Sergio Chapa, the interactive editor with KGTB 4 news in the Rio Grande Valley, has been following the #Reynosafollow hashtag on Twitter since it first started in February 2010. “The growth has just exploded,” he says. “It’s one of the busiest hashtags in Mexico and it’s really set an example for many other cities in Mexico who now have city-based hashtags such as #Mtyfollow and #Matamoros.”

Since the inception of #Reynosafollow, Chapa says he’s seen leaders emerge such as @MrCruzStar who consistently provide accurate information and remind new users that the Twitter feed is used solely to advise citizens of gunfights in the streets and other dangers in real time. Sometimes cartel members infiltrate the site and insult people or even threaten users as they did earlier this week, Chapa says.“Usually those accounts are shut down fairly rapidly,” he says.

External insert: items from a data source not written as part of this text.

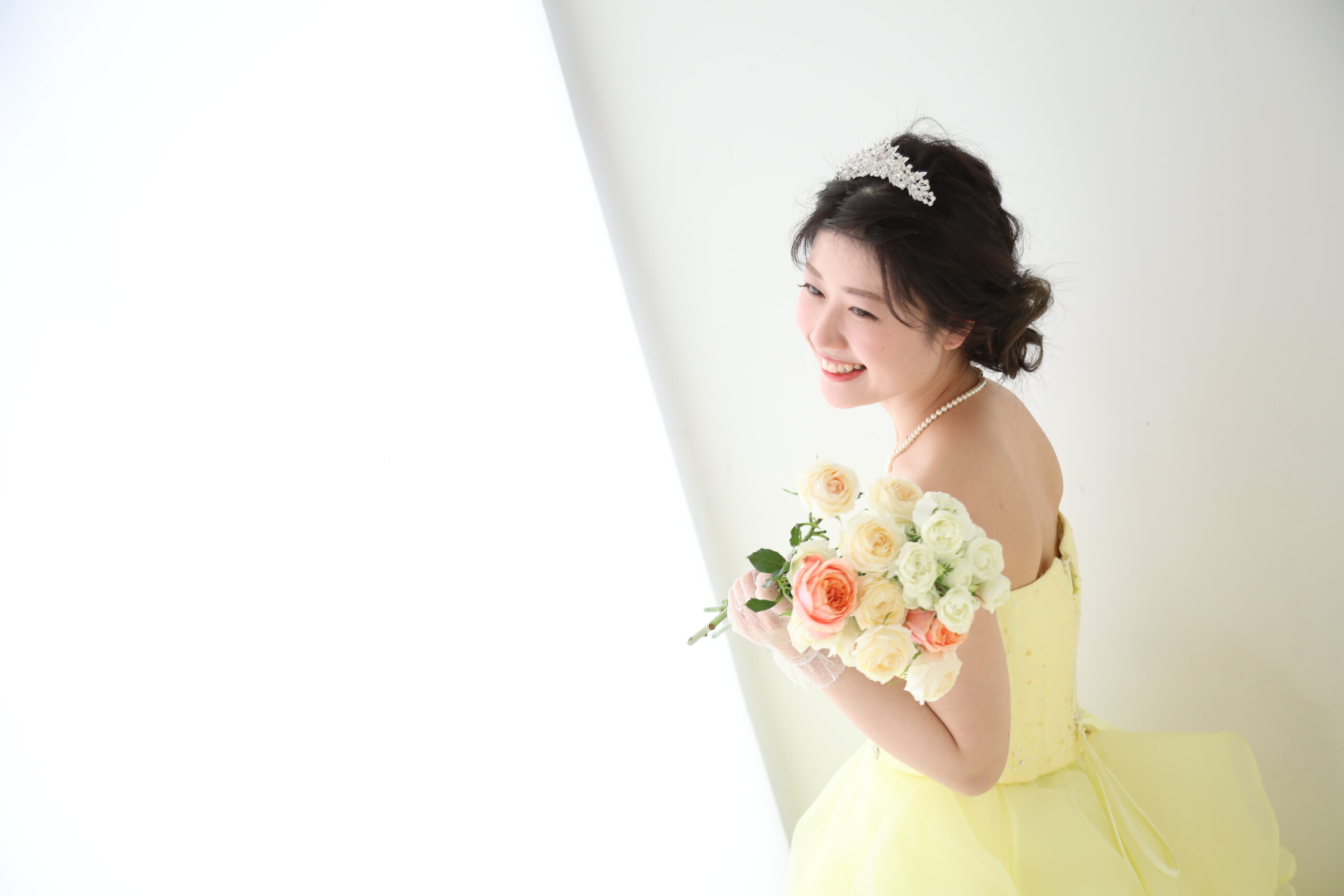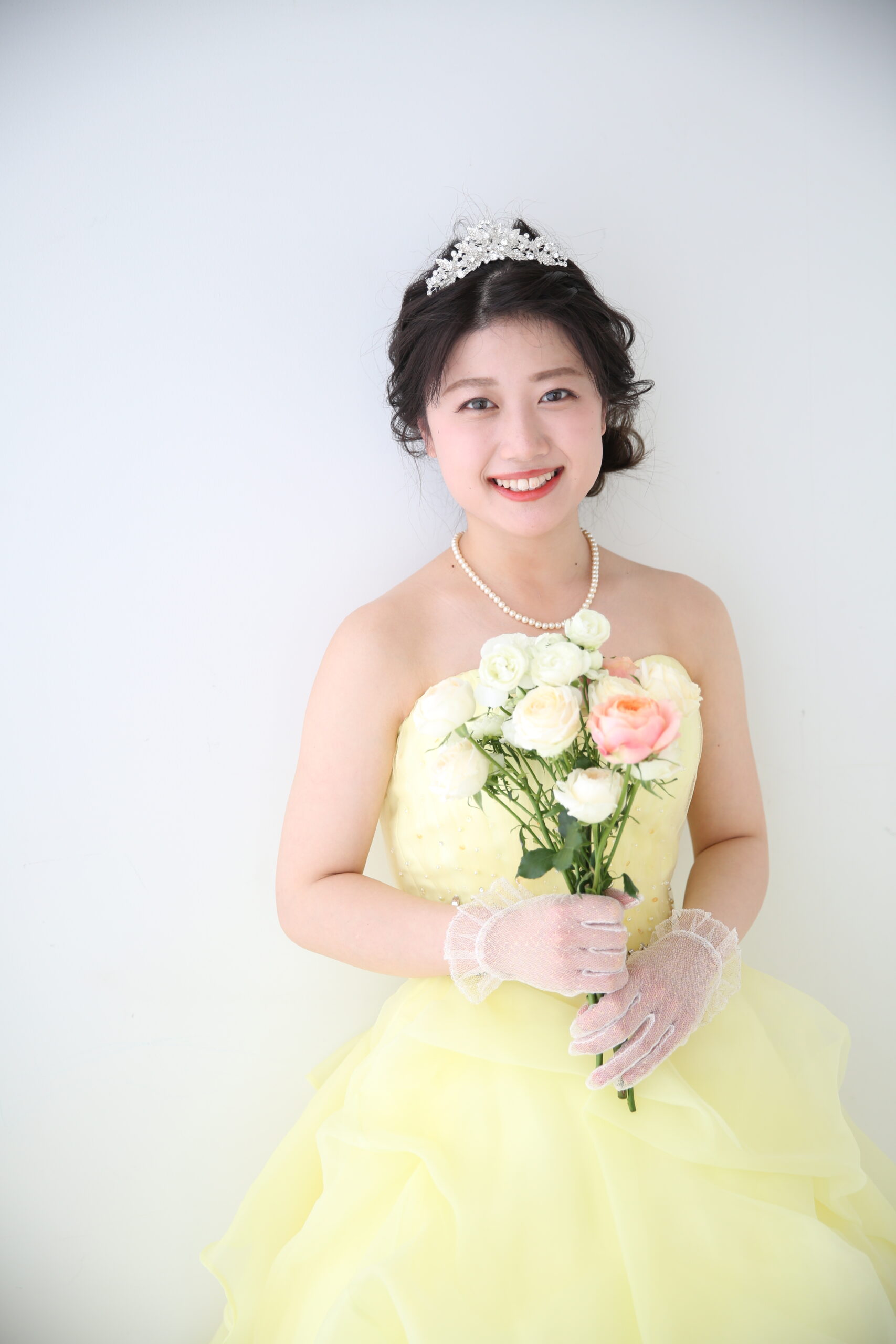 シフォン生地でふんわりとしたドレス。淡いパステルイエローで元気で明るい印象になります。ウェストのビジューがアクセントに。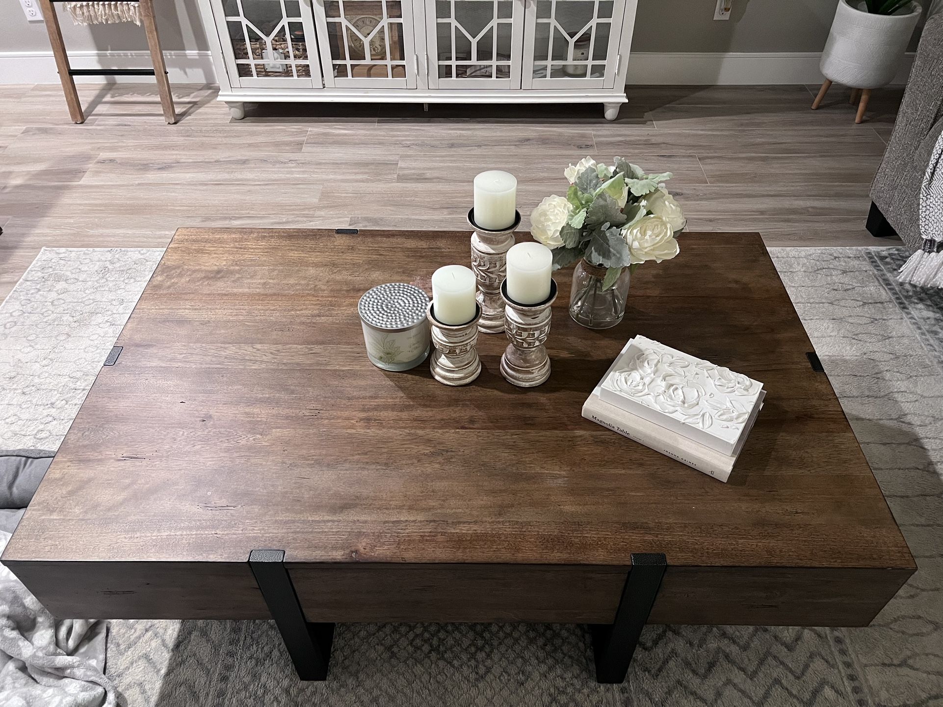 Beautiful wood and black metal coffee table, great condition, no dents or scratches. Ready for pick up. Matching side/end table available as well $250 for table $100 for end table OBO couches and rug available as well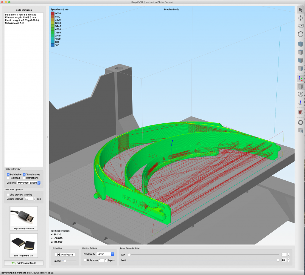 I use a type of plastic called PETG which is food safe and easy to clean even if the shields are expected to be only single-use shields. To print reliably with my setup requires 2H and 49 minutes of printing for the top part and about 30 minutes for 2 bottom parts. I am still challenging the group for the need for the bottom part full stop. The design might change over the coming weeks.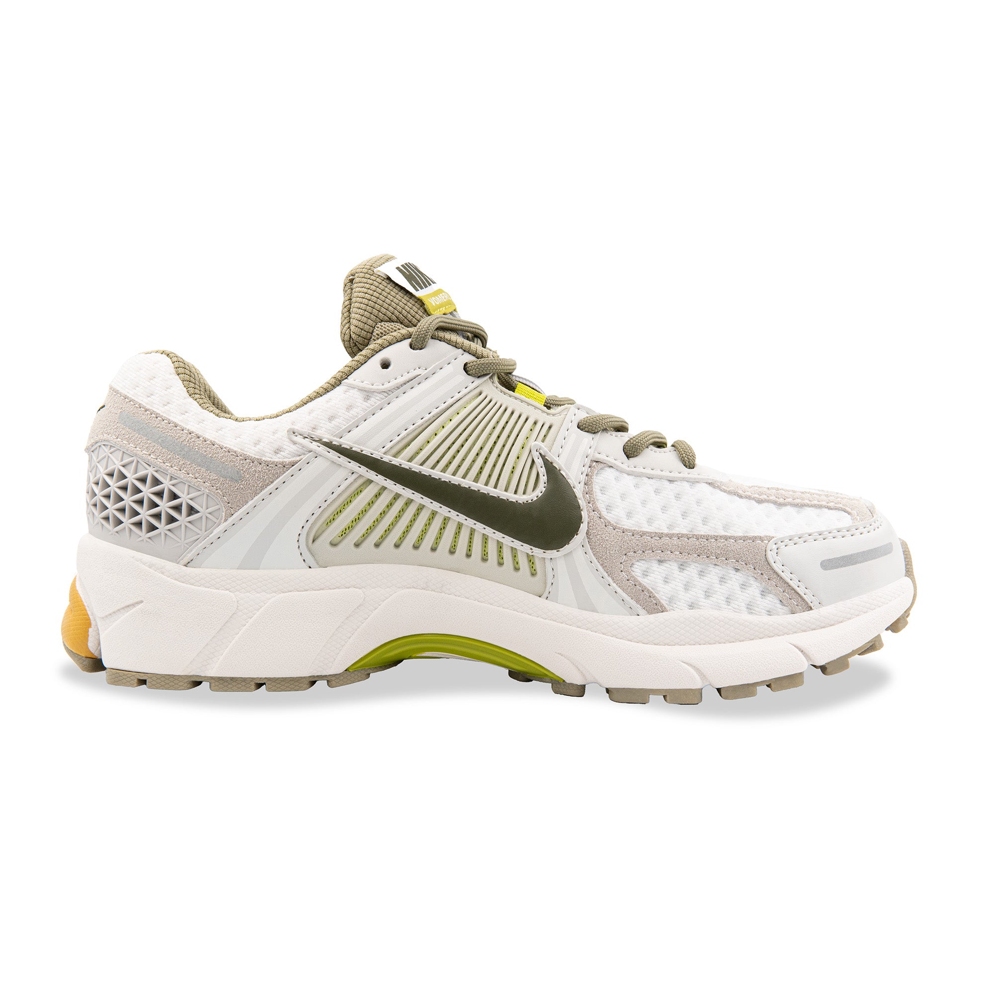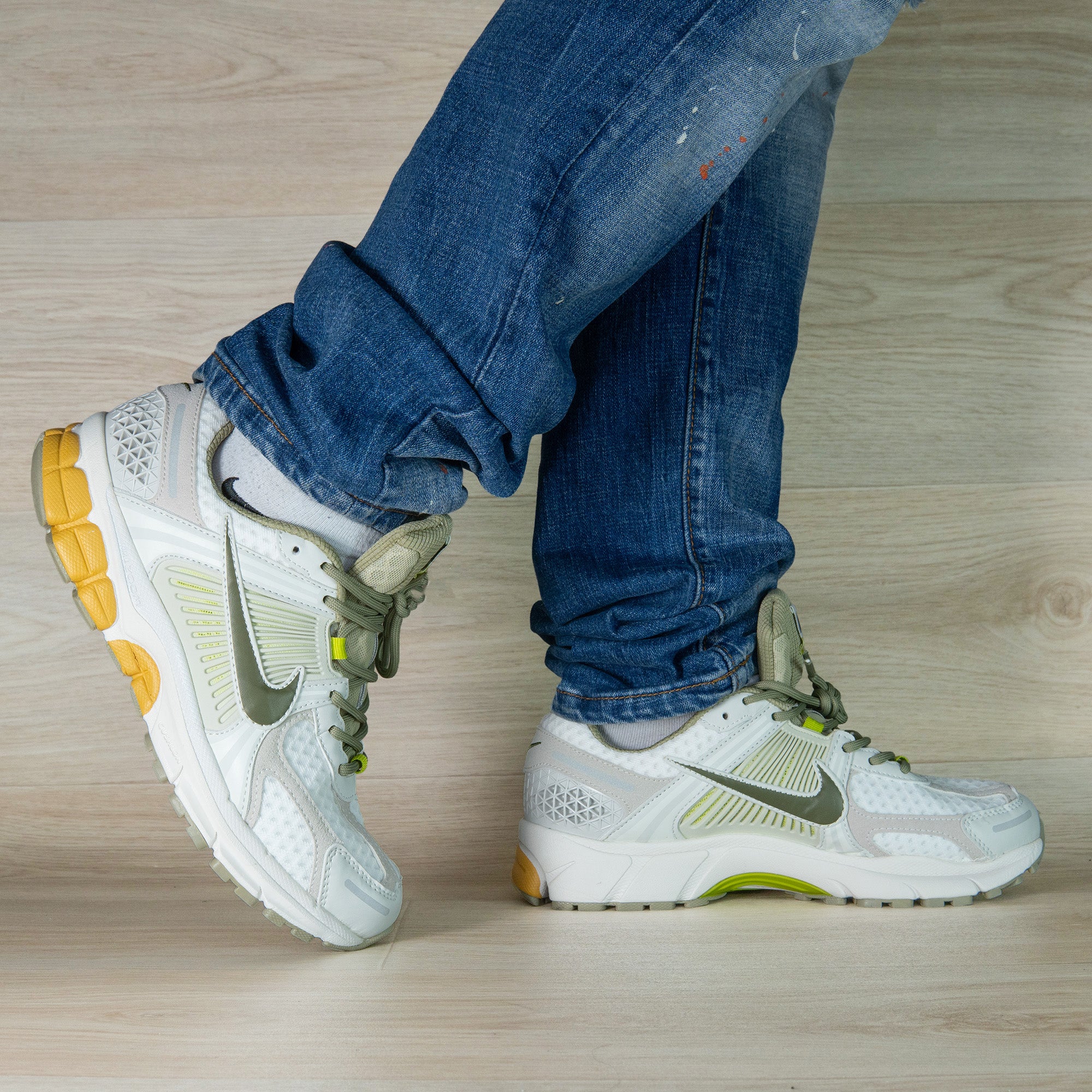 Este par mezcla tonos blanco, gris claro, verde oliva y naranja mostaza para un estilo técnico, versátil y con carácter.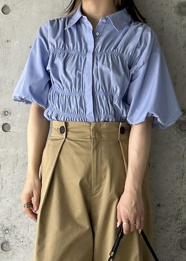 VIS【新色追加】【店頭人気】シャーリングバルーンシャツブルー /¥5,489レビューシャーリングと袖のボリューム感が一枚で着映えするデザイン◎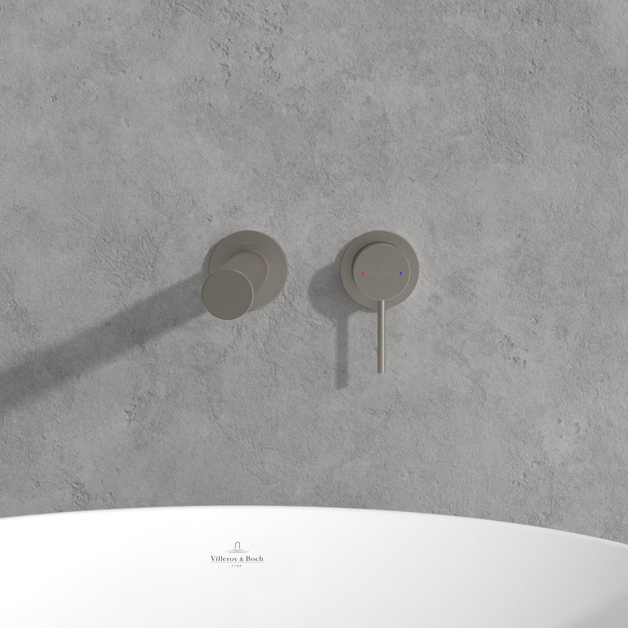 La finition en matt brushed nickel (aspect INOX) donne immédiatement à votre salle de bains une allure haut de gamme et design. Cette teinte est subtile et chaleureuse, ce qui lui permet de se marier à merveille avec des matériaux naturels tels que le bois et la pierre, mais aussi avec des meubles blancs ou foncés. Les formes arrondies et organiques du bec et de la poignée apportent un look doux et accueillant, tandis que les lignes droites confèrent au robinet une touche résolument moderne. Comme le robinet est monté au mur, l’ensemble paraît plus spacieux et moins chargé, ce qui représente un atout majeur surtout dans les salles de bains compactes. De plus, le design s’accorde parfaitement avec les autres robinetteries et accessoires de la même couleur, ce qui vous permet de créer facilement un style harmonieux dans toute la salle de bains.

In Reynosa, @MrCruzStar says Mexicans have been abandoned by the media and by local authorities so social media has become one of the only means left to communicate and keep communities safe. “Anonymity and social media are our tools,” he says.

The threat this week against @theelteto, one of the more active members of #Reynosafollow, brought home the danger of the drug war not only in the streets but now also in cyberspace. @MrCruzStar said the group would try and take more precautions to remain absolutely anonymous. “We can’t dismiss it anymore as an idle threat,” he says of the recent death threat. “But we have to continue. We have to keep our virtual community strong because everyone else has abandoned us.”

Last night a gun battle raged in Reynosa for at least three hours. The next day it went unreported in Reynosa’s daily newspapers. #Reynosafollow had it, though—one user even circulated a video.